The third and final section looks at AI literacy, policy revisions, and system-wide implementation. The three modules in this section provide information to help keep educators up to date on AI and remain adaptable to the changing tech landscape. Particularly, education leaders need to manage how educators across the school are using AI. This means training educators on the language of AI, aligning on acceptable use of AI and technology within the classroom, and creating an action plan for expanding AI into the community. Within this are theoretical situations that educators can use to practice their responses to common AI issues.
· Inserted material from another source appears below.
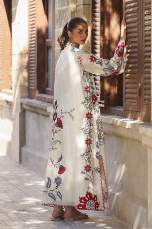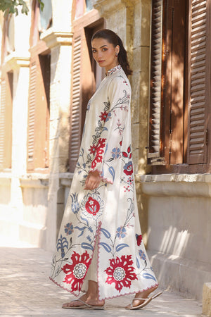 Exuding elegance, a timeless ivory hued khaddi silk kaftan is exquisitely embroidered with intricate appliqué and eyelet accents in periwinkle, crimson, and onyx shades. The keyhole neckline and scalloped bell sleeves add playful sophistication to the elegant silhouette. Paired with matching pure rawsilk trousers.

This overview of “Empowering Education Leaders: A Toolkit for Safe, Ethical, and Equitable AI Integration” is aimed at helping education leaders understand where they are in the AI-adoption timeline and identify where they need to go next. The toolkit also goes into detail on topics such as educational equity, accessibility, cost-effectiveness, and responsible usage. When integrating AI into a school, educators must keep in mind how other student-related issues will be affected by AI. This includes cyberbullying, deep fake image generation, and impersonation or anonymous campaigns. This requires proper surveillance on students’ AI use, while also allowing creativity and freedom to test the tool.
The report suggests that when developing a proper process to AI-integration, start with informing yourself. Attending webinars, roundtables, and other public listening sessions will provide the most up-to-date insights on integrating AI safely and effectively. AI is here to stay. But with collaboration, planning, and ongoing evaluation, successful AI adoption is possible. This toolkit can help education leaders ensure their educational community is ready for AI.